Apple iPhone 6 design, features and release rumours: LIVE

Feedback

Intel Ivy Bridge Architecture Breakdown

HardwareFeatures
by Hugo Jobling, 24 Apr 2012Features

Intel's tick-tock development strategy has proved its worth over the years. Several ticks have brought existing architectures to new manufacturing processes, while their successive tocks have used the established manufacturing processes as the base for a new architecture.
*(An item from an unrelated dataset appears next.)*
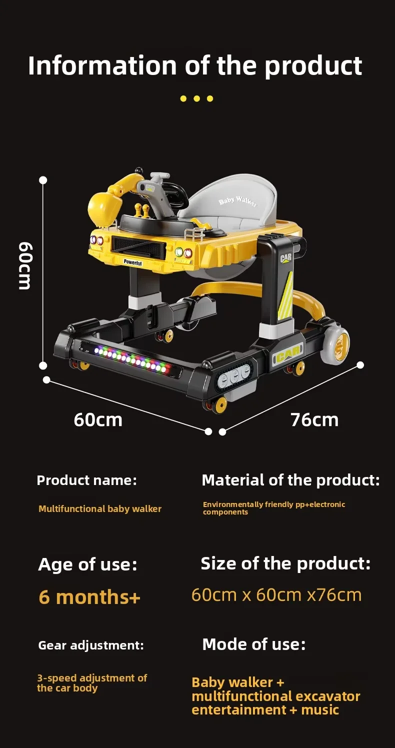 Anti-O-Leg Construction Baby Walker – Multifunctional, Foldable for Ages 6-18 Months
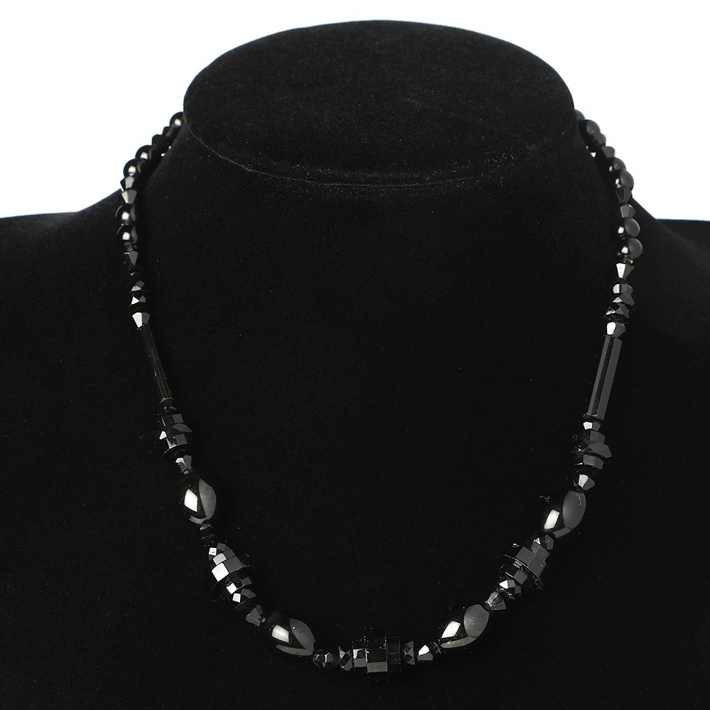 こちらはチェコのガラスのアンティーク・ネックレス。黒ガラス(ジェットガラス)を使ったネックレスです。ジェットガラスは現代では使用できない特殊な薬品を使用していて、黒の濃度が通常の黒いガラスと比べて高く、漆黒の色をしています。太陽の光も通さない黒です。現在では作れないガラスで世の中に残っているだけ・・・。ずばり貴重な商品です。円柱形や小さなビーズはジェットガラス、丸いビーズは白いガラスにジェットガラスの上膜が施されています。さまざまな大きさと形のガラス石がリズム良く配置してあります。実際に装着されると全体にキリッとエレガントでノーブルな印象を与えます。カジュアルでもフォーマルでも色々なシーンで使える良品です。糸とパーツはレストア済みで新しいものに換えてありますので、糸切れの心配もなく安心です。1920年代前後の古いものということでご了承の上お買い求めください。

Bringing as it does the transition to a new 22nm manufacturing process Ivy Bridge is ostensibly a tick on Intel's development cycle but with this refresh Intel's engineers found enough time to turn Ivy Bridge into more of a tick-and-a-half, delivering tock-like improvements ahead of the normal schedule.

The CPU core itself has been given a small clock-for-clock performance boost, but the real improvements come in the integrated controllers and, most significantly, the integrated graphics which, have been given a significant overhaul. Ivy Bridge will be the first Intel CPU line-up to offer native USB 3.0 support, which debuts alongside PCI Express Gen 3.0. The biggest change, however, is applied to the integrated graphics, which although still no replacement for a dedicated card, offer a decent performance boost over Sandy Bridge and pave the way for further improvements in the future.

Arguably, the real boost Ivy Bridge brings is in power efficiency. At the low end, the Core i5-3470T has a TDP of just 35W while the top-end Ivy Bridge Core i7-3770k has the same 3.5GHz base clock, and 3.9GHz turbo maximum as the Sandy Bridge Core i7-2700k, but with TDPs of 77W and 95W respectively, it's clear that Ivy Bridge is a much less power hungry platform. This, coupled with a few other changes, also means that Ivy Bridge CPUs should be able to overclock better than their Sandy Bridge predecessors. For details of just how Ivy Bridge performs coupled with a Z77 chipset, I direct you over to Leo's performance review of the Core-i7 3770k.

Ivy Bridge processors use the same LGA-1155 socket as Sandy Bridge, and are, therefore, backwards-compatible with the previous generation of chipsets. However, although this provides the stepping stone upgrade path of dropping a new CPU into an existing system, a number of Ivy Bridge's features are only unlocked with a the 7-series chipset that Intel is launching alongside this new CPU range. All 7-series motherboards offer four USB 3.0, and a pair of 6GB/s SATA ports natively, and most board makers are providing more 6Gb/s SATA ports and USB 3.0 ports via third party controllers. Z77 and H77 support Intel's Smart Response Technology, which enables an SSD to be used as a cache for a mechanical drive, but Z75 doesn't; all three chipsets combined with an Ivy Bridge CPU provide 16 PCI Express gen 3.0 lanes in varying configurations.

The dawn of 22nm

Intel's 22nm manufacturing process marks the first commercial products using tri-gate (or 3D) transistors, which the company has been working on for some 10 years. Although simply continuing to shrink its existing transistor technology to 22nm would have been possible, the move from planar to tri-gate transistors delivers a much more significant improvement. As well as boosts to performance and power efficiency, the move to tri-gate transistors also boosted the transistor density of Intel's 22nm process to around twice that of 32nm. Where a Sandy Bridge processor packed approximately 1.16 billion transistors into a 212mm^2 die, Ivy Bridge's 160mm^2 die features close to 1.4 billion transistors.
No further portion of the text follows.